Manquement Conséquence Base légale
Déclaration d'entrée/sortie hors délai (8 jours) Amende d'ordre Art. 425 + Art. 445 CSS
Cotisations non payées à l'échéance (10 jours) Intérêts moratoires : 0,6 %/mois à compter du 1er jour du mois suivant Art. 428 CSS
4 extraits de compte impayés Recouvrement forcé par contrainte (huissier) Art. 428 CSS
Non-communication de documents au CCSS Frais de contrôle imposables à l'employeur fautif Art. 443 CSS
Non-paiement prolongé Saisie-arrêt, assignation en faillite Art. 429 CSS

Procédure de recours : toute décision du CCSS peut être contestée devant le Conseil arbitral des assurances sociales dans un délai de 40 jours suivant la notification (Art. 454 CSS).

Pratiques et recommandations

Pour éviter les sanctions du CCSS, la première priorité est le respect des délais : la déclaration d'entrée d'un salarié au CCSS doit intervenir dans les 8 jours de l'embauche (Art. 425 CSS), et les cotisations doivent être réglées dans les 10 jours suivant l'émission de l'extrait de compte mensuel, même en cas de contestation de l'assiette (Art. 428 CSS).

Il est recommandé de désigner en interne un responsable des obligations sociales chargé du suivi mensuel des extraits de compte CCSS, de la vérification des affiliations et de la conformité des déclarations de salaires.
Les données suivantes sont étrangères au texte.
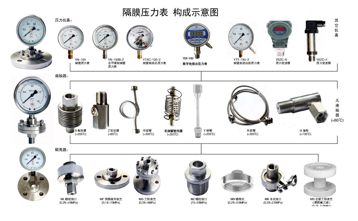 ◆ کاربرد: با توجه به ساختار اندازه گیری غیرمستقیم ، سنج فشار دیافراگم برای اندازه گیری فشار مایعات ، گازها یا مواد جامد جریان دانه ای با ویسکوزیته بالا ، آسان برای تبلور ، خوردگی قوی و درجه حرارت بالا مناسب است. دیافراگم جداسازی مواد مختلفی برای سازگاری با انواع رسانه های خورنده مختلف دارد.
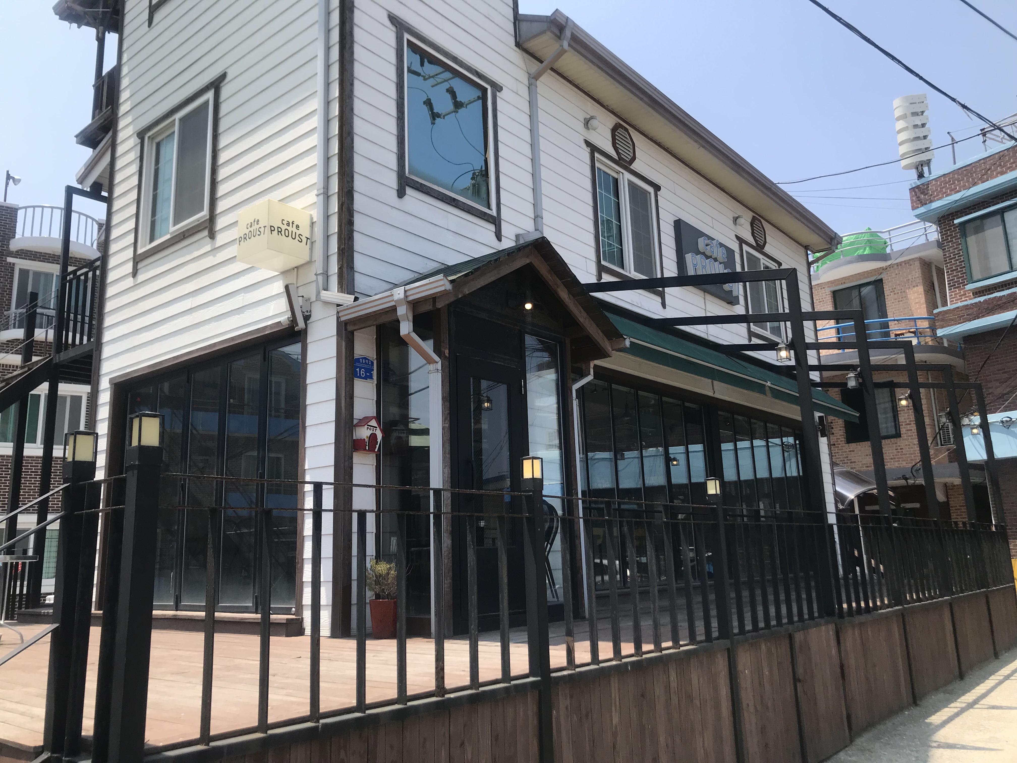하슬라 미술관을 다녀온 후 시간이 조금 남아서 레일바이크 매표소 앞에 위치한 카페에 가기로 했습니다. 위 사진의 건물이 까페입니다. 주변에 다른 커피가게들이 있긴 했지만, 대부분 테이크아웃 전문이였기 때문에 이 곳을 선택했습니다.
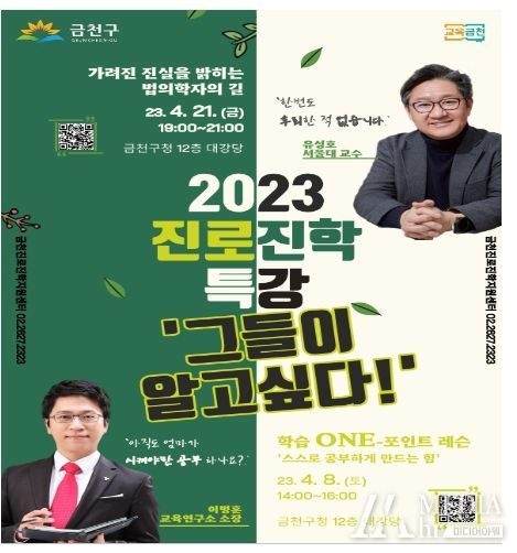 진로진학 특강은 금천진로진학지원센터 홈페이지에서 신청할 수 있다.
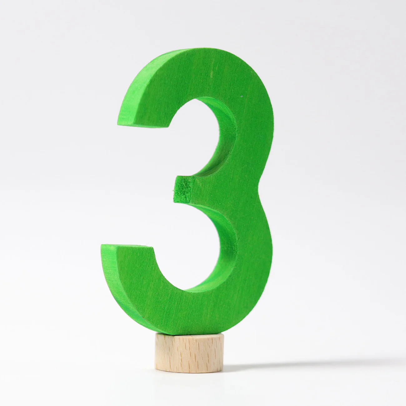 De decoratieve cijfers van 0 tot en met 9 passen met hun stekers in de feestringen, feestspiralen en levenslichtjes van Grimm's. Elk jaar verschijnt het volgende cijfer in een andere regenboogkleur op de tafel van de jarige. Zo ontstaat een unieke familietraditie die jarenlang gekoesterd en geliefd zal worden.
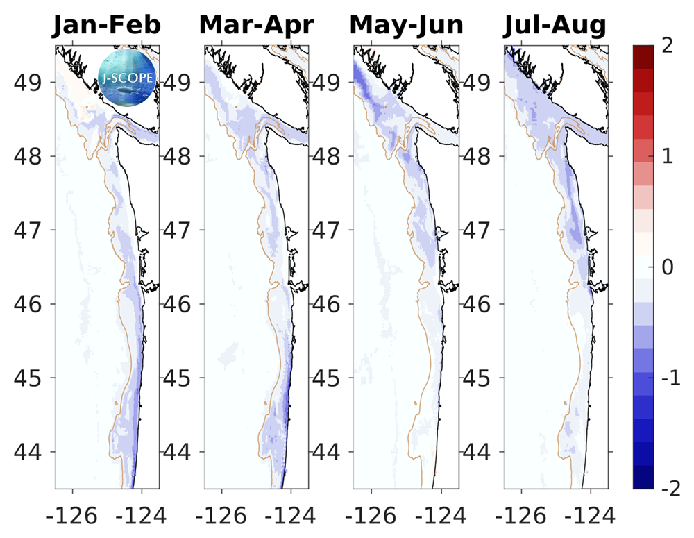 The modeled region bottom oxygen (ml/l) anomaly averaged over all three ensemble members and in time for (from left to right) January - February, March - April, May - June, July - August.
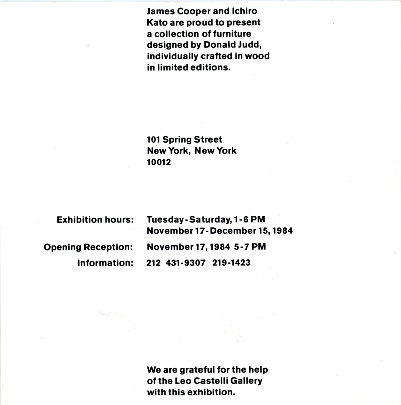 Donald Judd, Furniture, Two Fold Card, Cooper/Kato, 1984
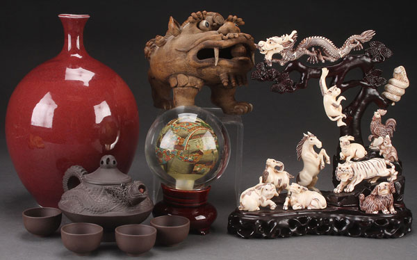 A GROUP OF ORIENTAL DECORATIVE ARTS, 20TH CENTURY. Comprising a contemporary red glazed bottle vase, a dragon ware pottery tea set, a large hand modeled pottery beast, a reverse painted glass sphere on stem and a faux ivory menagerie display of Zodiac creatures. Largest height 10 inches (25.5 cm).
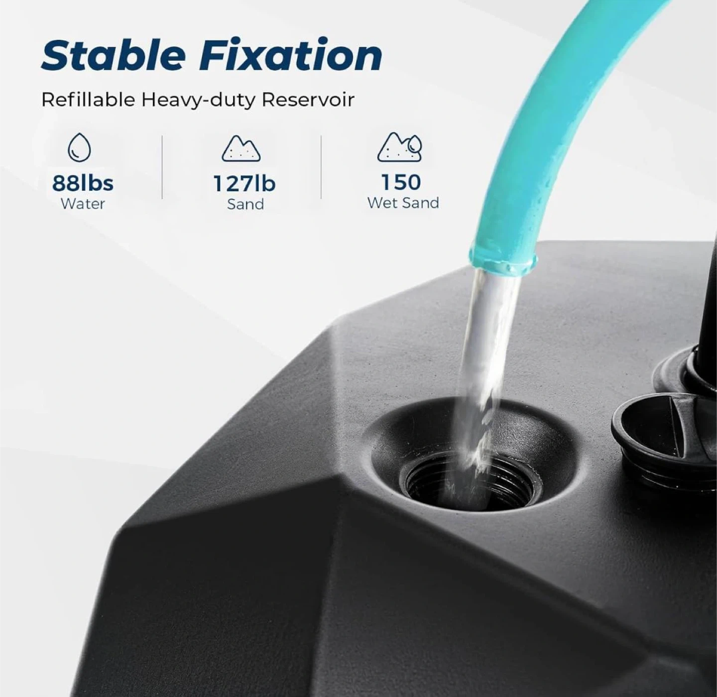 • Weight capacity up to 127 lbs (refillable with water or sand)
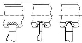 | Рис.6.4. Схема вырезания впадины резьбы резцом при его радиальном врезании | Рис.6.5. Комбинация трех резцов для нарезания резьбы |

L'utilisation du portail SECUline permet un accès en temps réel aux données d'affiliation et aux extraits de compte.

En cas de contrôle de l'IGSS sur une institution de sécurité sociale, les employeurs ne sont pas directement destinataires des décisions — le contrôle de l'IGSS porte sur les organismes (CCSS, CNS, etc.), non sur les entreprises. En revanche, un contrôle du CCSS ou de l'ITM dans l'entreprise déclenche des obligations de coopération immédiate (Art. 442 CSS : accès aux locaux, documents, registres).
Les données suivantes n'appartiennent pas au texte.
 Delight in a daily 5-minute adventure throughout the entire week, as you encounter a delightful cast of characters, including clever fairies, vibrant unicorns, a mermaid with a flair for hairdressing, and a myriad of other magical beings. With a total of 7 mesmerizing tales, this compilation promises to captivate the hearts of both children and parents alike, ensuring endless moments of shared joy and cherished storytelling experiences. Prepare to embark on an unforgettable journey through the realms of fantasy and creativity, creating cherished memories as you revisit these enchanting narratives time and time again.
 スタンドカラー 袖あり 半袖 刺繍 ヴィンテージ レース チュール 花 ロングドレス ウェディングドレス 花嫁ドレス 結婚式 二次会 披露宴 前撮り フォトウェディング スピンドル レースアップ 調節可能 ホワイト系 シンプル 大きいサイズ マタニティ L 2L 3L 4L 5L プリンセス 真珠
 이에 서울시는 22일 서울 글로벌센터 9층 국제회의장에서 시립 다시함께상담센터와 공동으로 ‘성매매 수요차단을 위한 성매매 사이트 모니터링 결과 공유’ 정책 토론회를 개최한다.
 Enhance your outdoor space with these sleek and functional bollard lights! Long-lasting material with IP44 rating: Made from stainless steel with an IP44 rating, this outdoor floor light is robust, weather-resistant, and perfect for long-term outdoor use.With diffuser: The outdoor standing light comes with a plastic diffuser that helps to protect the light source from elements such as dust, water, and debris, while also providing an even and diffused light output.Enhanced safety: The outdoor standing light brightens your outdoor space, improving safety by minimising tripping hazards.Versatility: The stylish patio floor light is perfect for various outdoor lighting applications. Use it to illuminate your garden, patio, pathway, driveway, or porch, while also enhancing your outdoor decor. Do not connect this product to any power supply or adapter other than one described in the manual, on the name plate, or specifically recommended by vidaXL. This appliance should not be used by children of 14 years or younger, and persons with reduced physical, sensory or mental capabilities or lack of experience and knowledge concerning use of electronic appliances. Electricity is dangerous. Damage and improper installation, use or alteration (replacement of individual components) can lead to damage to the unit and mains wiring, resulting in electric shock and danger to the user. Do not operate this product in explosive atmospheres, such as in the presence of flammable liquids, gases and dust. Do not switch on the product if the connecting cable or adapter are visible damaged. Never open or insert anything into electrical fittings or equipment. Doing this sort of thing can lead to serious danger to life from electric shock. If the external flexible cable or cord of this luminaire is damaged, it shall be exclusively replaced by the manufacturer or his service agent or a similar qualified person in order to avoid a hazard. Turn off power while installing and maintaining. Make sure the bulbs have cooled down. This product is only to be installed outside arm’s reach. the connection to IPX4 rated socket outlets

La surveillance du travail dissimulé relève exclusivement de l'ITM et des juridictions compétentes, sur la base du Code du travail. Les montants des sanctions pour travail dissimulé sont fixés par la loi et indexés — il convient de se référer aux dispositions en vigueur du Code du travail ou de l'ITM pour les barèmes actuels.

Cadre juridique

Référence Objet
Art. 422 CSS Institution de l'IGSS — autorité administrative sous tutelle ministérielle
Art. 423 CSS Missions légales de l'IGSS (supervision, législation, coordination, analyses)
Art. 424 CSS Pouvoirs de suggestion de l'IGSS au Gouvernement
Art. 413–417 CSS Organisation et missions du CCSS
Art. 425 CSS Déclarations d'entrée/sortie : délai de 8 jours
Art. 428 CSS Paiement sous 10 jours ; intérêts moratoires à 0,6 %/mois
Art. 442–452 CSS Obligations des employeurs et assurés ; pouvoirs de contrôle
Art. 454 CSS Recours devant le Conseil arbitral — délai de 40 jours

Note

L'IGSS ne prononce aucune sanction financière directe contre les employeurs : ses articles fondateurs (422–424 CSS) lui confèrent exclusivement des missions de supervision institutionnelle et d'analyse. Tout montant de sanction cité sans référence à un article précis du CSS ou du Code du travail doit être considéré comme non vérifiable et ne doit pas être communiqué à titre officiel.